Boko Haram, Prison Breaks, and Cameroon

The northern Nigerian sect Boko Haram employs a constellation of tactics in its fight against the Nigerian state and other targets. Boko Haram is constantly experimenting with new tactics, from drive-by shootings to suicide bombings to the destruction of cell phone towers to arson to, more recently, kidnappings. While prison breaks are far from the most spectacular tactic in Boko Haram’s arsenal, they have remained a core tactic since the start of the group’s current guerrilla campaign in fall 2010 – indeed, one of the very first incidents in that campaign was a prison break in Bauchi, where Boko Haram set some 700 inmates free.
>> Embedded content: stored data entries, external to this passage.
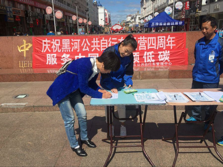 黑河公共自行車從2012年運營以來,經(jīng)過全體工作人員的不斷努力和改進,以及監(jiān)管單位的大力支持,得到了黑河市民的信任和好評,但是我們的工作還有許多待改進的地方,這次活動也展開了回訪活動,衷心的希望得到黑河公共自行車客戶給我們提寶貴的建議和意見。我們將繼續(xù)已飽滿的熱情和激情秉承永安的宗旨“服務(wù)中國、引領(lǐng)低碳”。
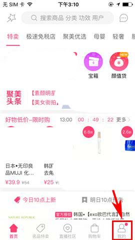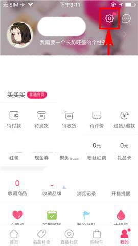 1)点开聚美优品APP,首先进入首页右下方的【我的】,接着点击界面上方的【设置】图标;(如下图)
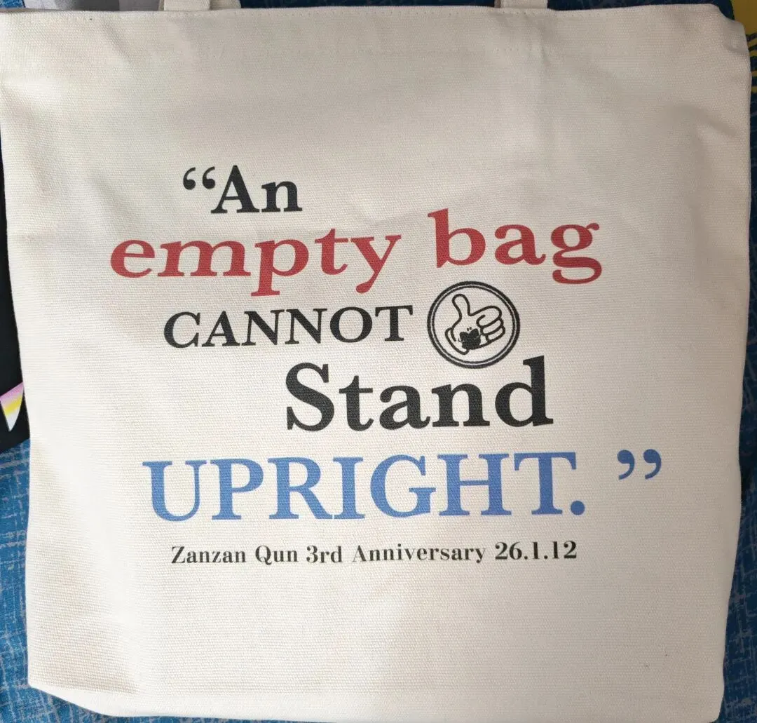 我还特意查了查这段英文,它的意思是空麻袋站不直。很好地提醒了我们要做一个内心丰盈的人,不但要有知识,更要有感情,这样我们的生活才能更加的美好。背面印在字母“Z”中的“PRAISE EACH OTHER, RISE TOGETHER”(互相赞美,共同成长),精准传达了社群“鼓励、陪伴、共同进步”的核心价值观。太用心了,优秀。
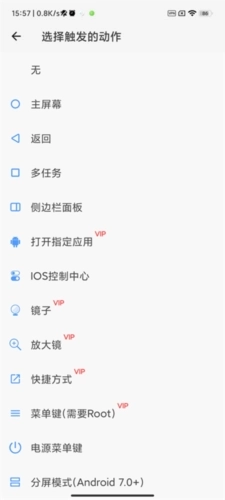 3、选择该动作所触发的功能,涵盖返回、镜子、放大镜和快捷方式等选项。
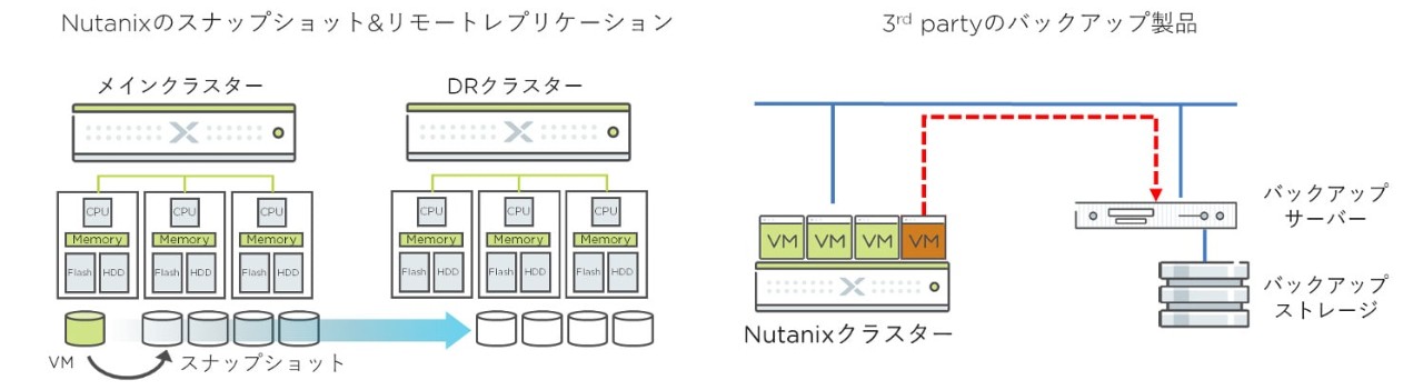 「RAIDによるデータ冗長化とバックアップは違う!」という話をよく聞くと思いますが、Nutanixの分散アーキテクチャによるデータ冗長化もバックアップとは違います。なぜなら、データ冗長化とバックアップでは、データを保護できる範囲が異なるからです。例えば、人為的なオペレーションミスやアプリケーションの問題などで、誤ったデータの書き込み処理が実行された場合、データ冗長化処理では誤ったデータをリアルタイムに冗長化してしまうため、正しいデータへの回復作業ができません。そもそも、データ冗長化の真の目的は「データ保護」というよりも、ディスクの故障が発生した場合においてダウンタイムなく処理を続ける「可用性の担保」のための仕組みだからです。逆に、データの冗長化を行わずにバックアップだけ取得していた場合、ディスク故障などが発生したときには、故障したディスクの交換やデータのリストアを行わないと業務再開できませんし、最後にバックアップを取得した時点から故障発生時点までのデータは失われてしまいます。ですから、データの冗長化とバックアップは「そもそも別のもの」であり、「どちらも必要」と言えます。
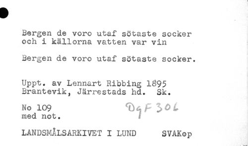 //// } //// ) //// - //// Bergen de voro utaf sötaste socker //// och i källorna vatten var vin //// Bergen de voro utaf sötaste socker. //// . t //// Uppt. av Lennart Ribbing 1^95 //// Brantevik, Järrestads hd. Sk. //// No 109 //// med not. //// LANDSMÅLSARKIVET I LUND SVAKop ////
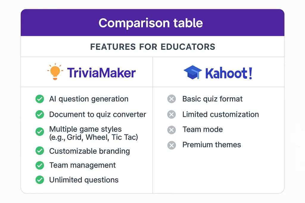 | Feature | Kahoot! | TriviaMaker |

Prison breaks aim at releasing the group’s imprisoned comrades, and possibly also aim at gaining new recruits among other freed inmates. Without in any way minimizing the importance of other tactics the group uses, I would argue that these prison breaks deserve more attention as analysts continue attempting to understand the group and its recruitment patterns.

At least two prison breaks occurred recently.

March 14:

There was jailbreak on Thursday night in Borno town of Gwoza as men suspected to be members of the dreaded BokoHaram sect attacked a prison in the town with missiles.

It was also gathered that the suspected militant sect attackedFadagwai Village where they shot dead two other persons.

The sect members were alleged to have attacked the same town on March 4, 2013 where a police station and bank were partially destroyed.

The Thursday attack on Gwoza which is about 135 kilometres from Maiduguri, the capital town of the troubled Borno state, started at about 6.30pm and a civilian was said to have been killed in the melee as several prisoners were set free.

March 22:

At least 25 people died when gunmen attacked a prison, a police station, a bank and a bar in an eastern Nigerian town, police said.

The simultaneous attacks took place in Ganye, a remote town near Nigeria’s border with Cameroon.

The attacks happened on Friday but the death toll was only reported on Saturday.

No group has said it carried out the attack but police said they suspected Islamist militants Boko Haram.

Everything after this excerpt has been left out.